Pourtant, la Seine-Saint-Denis aurait un grand potentiel : troisième département de France où est généré le plus de TVA, elle accueillera un tiers des gares Grand Paris Express et se place « dans le top dix des départements créateurs d’emplois et d’activités ».

Dès lors, comment expliquer le désamour des agents du service public pour cet Eldorado ? Stéphane Roussel ne s’étend que peu sur le sujet, peut-être la réponse se trouve-t-elle dans l’insécurité. Le département compte 20,56 cas de violences aux personnes pour mille habitants, soit deux fois plus que la moyenne nationale. Cette proportion se retrouve dans les vols et dégradations (40‰ contre 23,73‰) comme pour les autres crimes et délits (10,46‰ contre 4,61‰). Il n’y a guère que pour la délinquance économique où la Seine-Saint-Denis se situe dans la moyenne française. Elle se retrouve ainsi à la deuxième place dans le classement des départements les moins sûrs de France, après Paris.

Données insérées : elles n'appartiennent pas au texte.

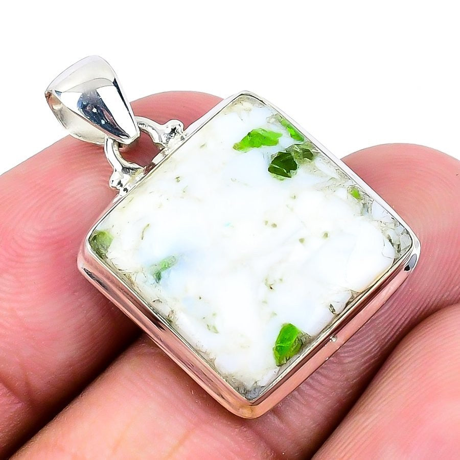 Chrome Diposite Gemstone Birthday Wedding Elegant Boho Pendant 925 Solid Silver
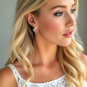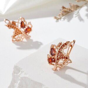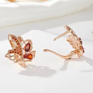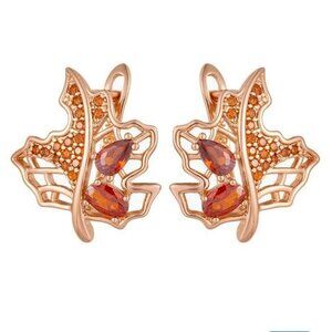 NEW Autumn Leaf Huggie Earrings Amber Crystals 14K Gold Plated Boho Classic Fall

Dès lors, comment s’étonner que le personnel soignant et les enseignants cherchent à fuir un territoire où règne l’insécurité ? Le Conseil départemental doit prendre ce sujet à bras-le-corps, ne plus justifier la délinquance et la violence par la pauvreté, mais, au contraire, rendre les individus responsables de leurs actes. Les élus pourraient décider de supprimer les aides sociales dès lors que le vivre-ensemble, si cher à la gauche, n’est plus respecté.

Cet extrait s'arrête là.